Without any images, write the listing below out word for word.

## Working data
········
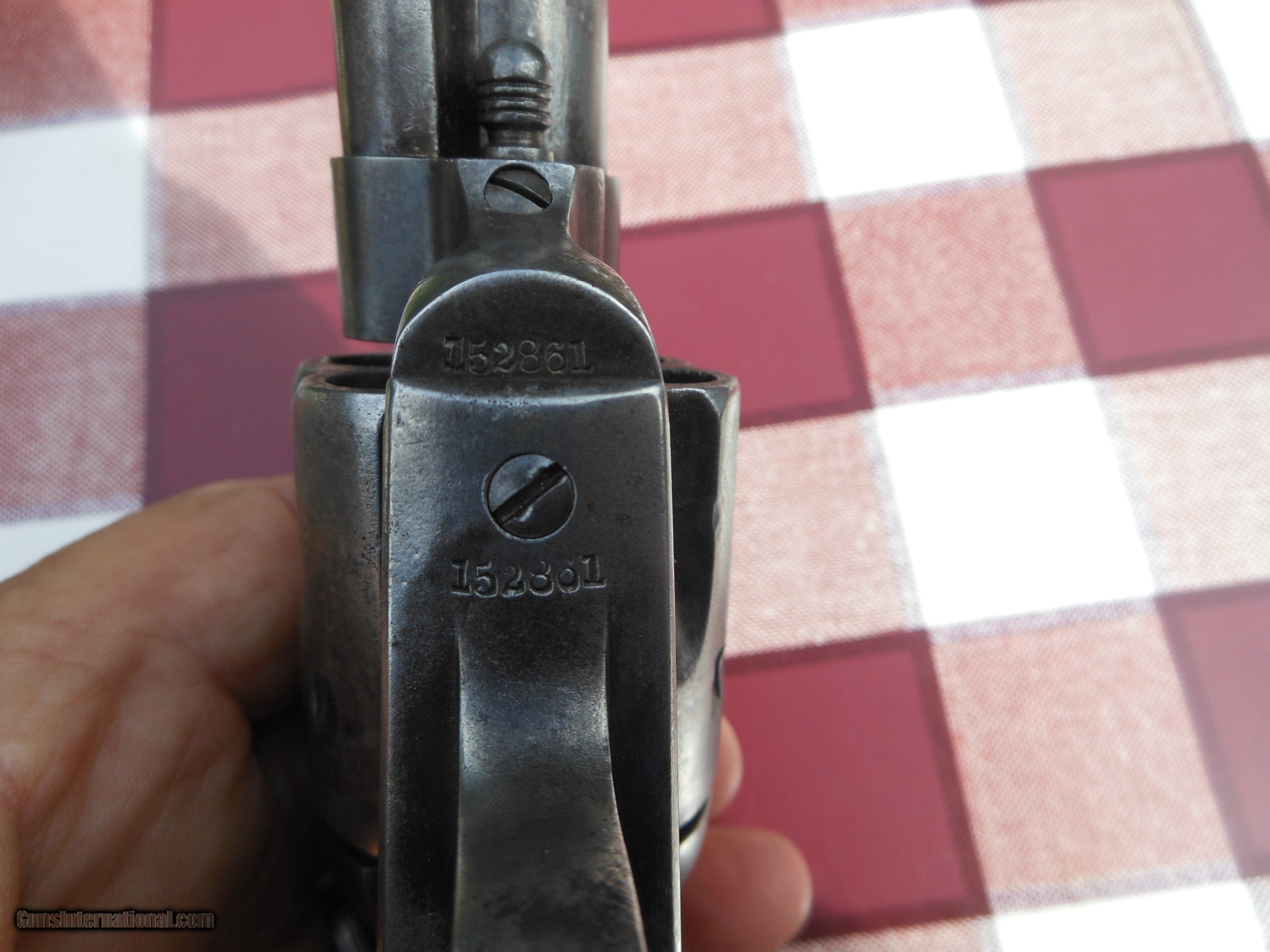 Description: This is a colt SAA 4.75 in 44-40 sent to Ft Smith Arkansas in August of 1893. All 4 clicks on the action and grips are original to the gun. This one has never seen a buffing wheel which is how I like them. The bore is about 6 out of 10 as you would expect in a black power work horse. Ft Smith History This was the gateway to The Indian Territory where only US Marshals were allowed to enforce the law. It was overseen by Judges like Isaac Parker who had no time for mercy. Judge Isaac Parker served as U.S. District Judge 1875–1896. He was nicknamed the "Hanging Judge": in his first term after assuming his post, he tried 18 people for murder, convicted 15 of them, and sentenced eight of those to die. Six of these men were later hanged on the same day. Over the course of his career in Fort Smith, Parker sentenced 160 people to death. Of those, 79 were executed on the gallows. SOLD Antique: Yes |
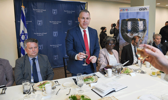 Israel’s Ambassador to the United Nations (UN) Gilad Erdan hosted an early Passover Seder at the UN on Wednesday during which he declared that “this year, when we think of ‘let My people go,’ we will also think of Ukraine.”
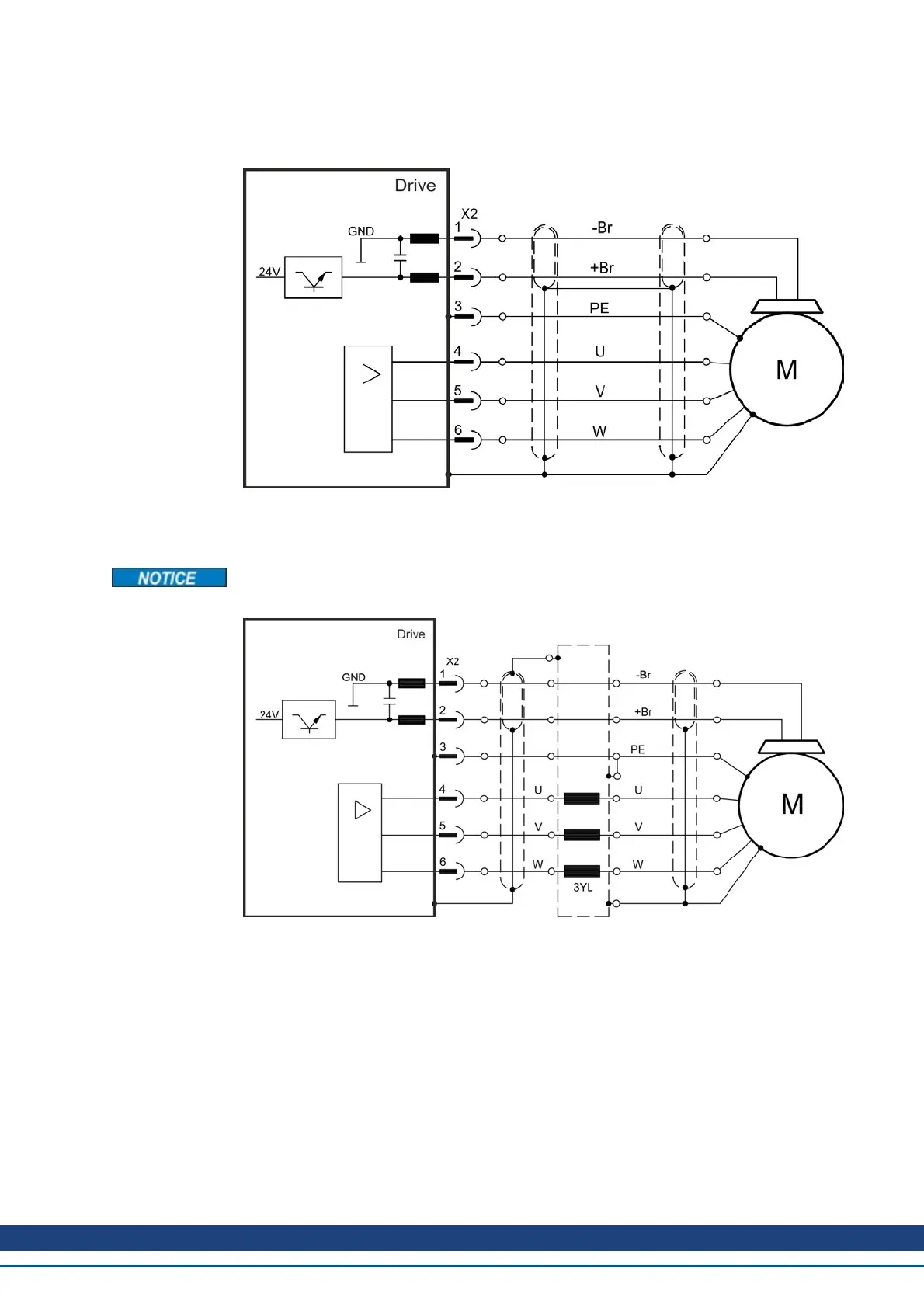 lengths from 25 m to 50 m, a motor choke must be wired into the motor cable (near the drive).
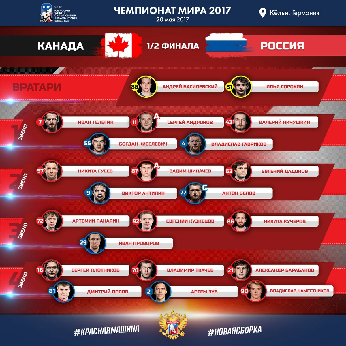 Наша сборная выйдет сегодня на лед в таком составе.
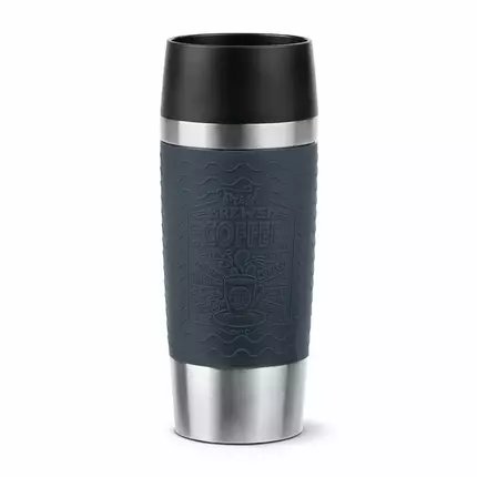 Tefal Essential Travel Mug 0.36L Stainless Steel Gray Double Wall Insulation Keeps Hot Drinks 3 Hours Cool 6 Hours Stainless Steel Silicone Coating Travel N2021510
········
## Solution below
 Description: This is a colt SAA 4.75 in 44-40 sent to Ft Smith Arkansas in August of 1893. All 4 clicks on the action and grips are original to the gun. This one has never seen a buffing wheel which is how I like them. The bore is about 6 out of 10 as you would expect in a black power work horse. Ft Smith History This was the gateway to The Indian Territory where only US Marshals were allowed to enforce the law. It was overseen by Judges like Isaac Parker who had no time for mercy. Judge Isaac Parker served as U.S. District Judge 1875–1896. He was nicknamed the "Hanging Judge": in his first term after assuming his post, he tried 18 people for murder, convicted 15 of them, and sentenced eight of those to die. Six of these men were later hanged on the same day. Over the course of his career in Fort Smith, Parker sentenced 160 people to death. Of those, 79 were executed on the gallows. SOLD Antique: Yes |
 Israel’s Ambassador to the United Nations (UN) Gilad Erdan hosted an early Passover Seder at the UN on Wednesday during which he declared that “this year, when we think of ‘let My people go,’ we will also think of Ukraine.”
 lengths from 25 m to 50 m, a motor choke must be wired into the motor cable (near the drive).
 Наша сборная выйдет сегодня на лед в таком составе.
 Tefal Essential Travel Mug 0.36L Stainless Steel Gray Double Wall Insulation Keeps Hot Drinks 3 Hours Cool 6 Hours Stainless Steel Silicone Coating Travel N2021510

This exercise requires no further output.